Algebra Practice Problems Quiz

Questions and Answers

Given the function f(x) = 7x + d and f(1) = 2 , find the value of d.

• -5 (correct)
• 9
• 1
• -9

Flashcards

Finding d in a function

Solve for d in f(x) = 7x + d such that f(1) = 2.

Slope of a perpendicular line

The slope of the line f(x) = 7x + d is 7. The perpendicular slope is -1/7.

Chirps and temperature relationship

Chirps per minute is linear between 70°F and 80°F; can find chirps at other temperatures.

Composite function

f ∘ g ∘ h(x) means apply h, then g, then f to x.

Graph transformation

f(-x) + 5 means reflect across y-axis, then shift up 5.

Equation shift to the left

Shifting y = e^(x) three units left becomes y = e^(x + 3).

Study Notes

Quiz 1 Practice Problems

• Problem 1: Given f(x) = 7x + d, find d if f(1) = 2 and the slope of a line perpendicular to f(x).
  • To find d, substitute x = 1 and f(1) = 2 into the equation: 2 = 7(1) + d. Solving for d, d = -5.
  • The slope of f(x) is 7.
  • The slope of a line perpendicular to f(x) is the negative reciprocal of 7, which is -1/7.

Problem 2

• Cricket Chirps and Temperature: The relationship between cricket chirps and temperature is linear.
  • 113 chirps at 70°F
  • 173 chirps at 80°F
  • Find the chirps per minute at 100°F
  • Calculate the rate of change (slope) in chirps per degree Fahrenheit by finding the difference in chirps over the difference in temperature: (173 - 113) / (80 - 70) = 6 chirps/degree.
  • Use the point-slope form to find the equation: y - y1 = m(x - x1), using the point (70, 113) and slope 6.
  • y = 6x + 513
  • Substitute the temperature of 100°F to the x in the above equation to get the chirps, y = 6*100 + 513= 1113

Problem 3: Composite Functions

• Given f(x) = sin x, g(x) = 5 – √x, and h(x) = x + 2.
  • Find the composite function (f ∘ g ∘ h)(x) and its domain.
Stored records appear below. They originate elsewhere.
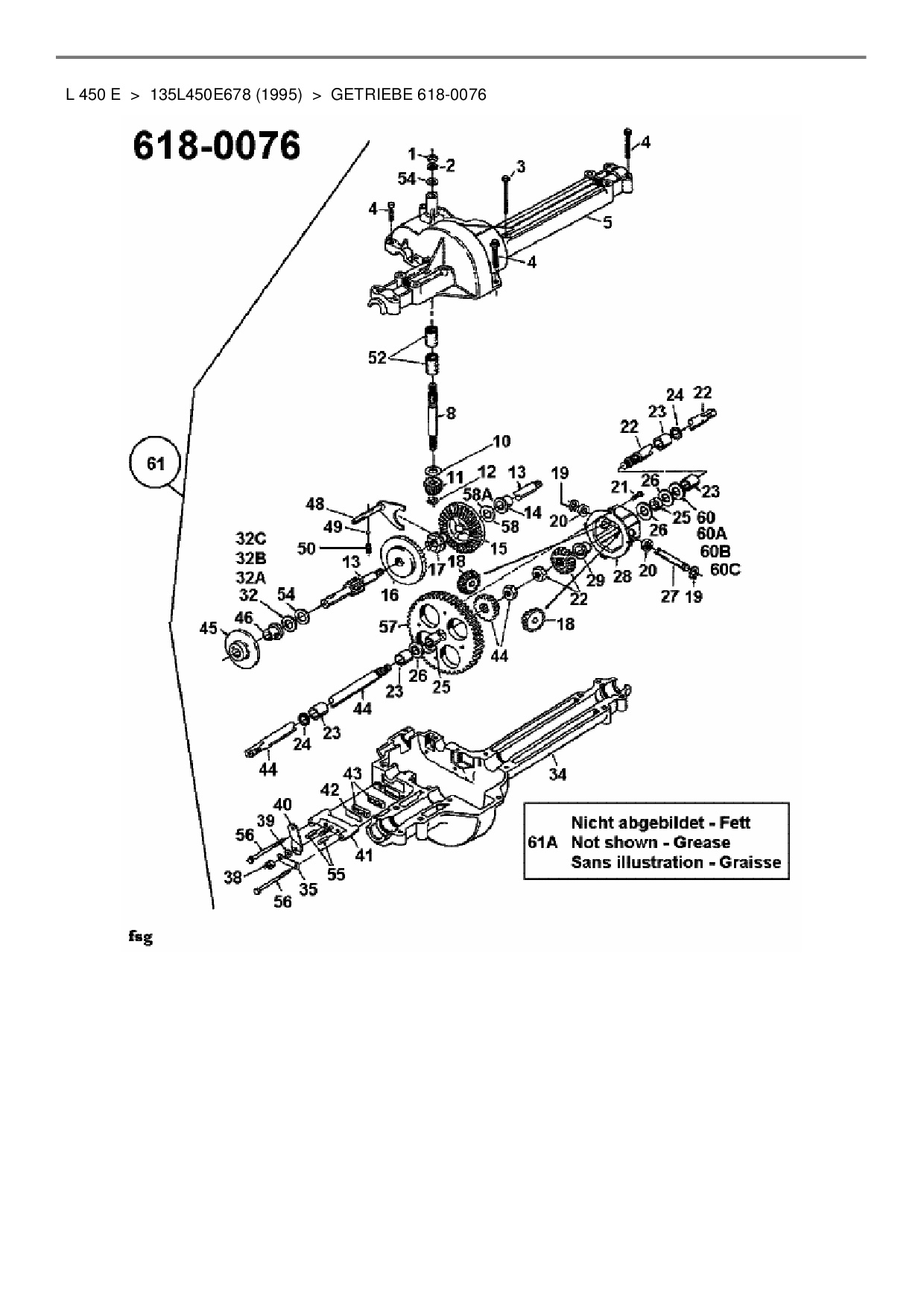 Download Ersatzteil-Zeichnung MTD L 450 E Zeichnung Getriebe 618-0076 (PDF-Format)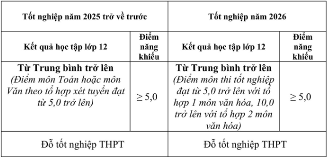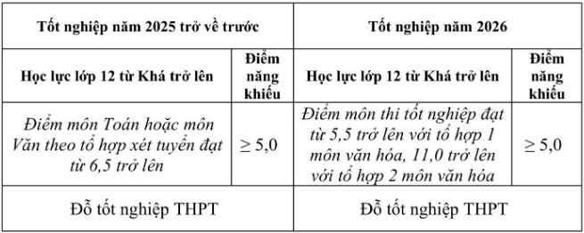 - Điểm môn năng khiếu đạt từ 5,0 trở lên (thang điểm 10).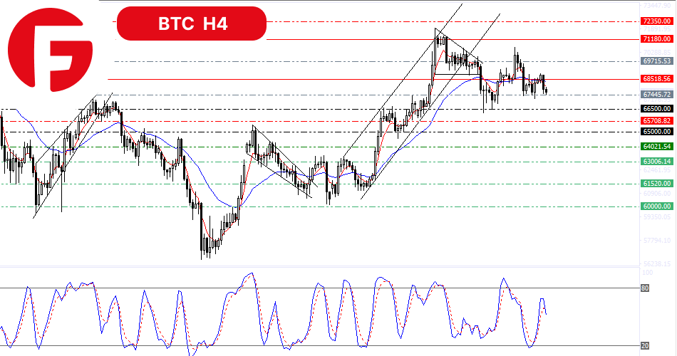 در حال حاضر فروشندگان فشار زیادی وارد میکنند تا سطح حمایتی 67445 دلار را نیز بشکنند که در این صورت احتمالاً شاهد افت قیمتها تا سطح روانی 66500 دلار خواهیم بود. باید توجه داشت که شکسته شدن این سطح به عنوان یک سیگنال فروش نسبتاً قوی عمل خواهد کرد و احتمال افت تا 65700 و یا حتی 65 هزار دلار را بسیار بالا خواهد برد.

Problem 4: Graph Transformations

• Given y = e^(x-1), write the equation that shifts the graph three units to the left.
  • Shifting the graph of y = e^(x-1) to the left by three units will change the equation to y = e^{(x - 1 + 3)} = e^{(x + 2)}.

Problem 5: Function Transformations

• Given a function f(x), describe the transformations when graphing f(-x) + 5.
  • The transformation f(-x) reflects the graph across the y-axis.
  • The transformation f(-x) + 5 shifts the graph vertically up by 5 units.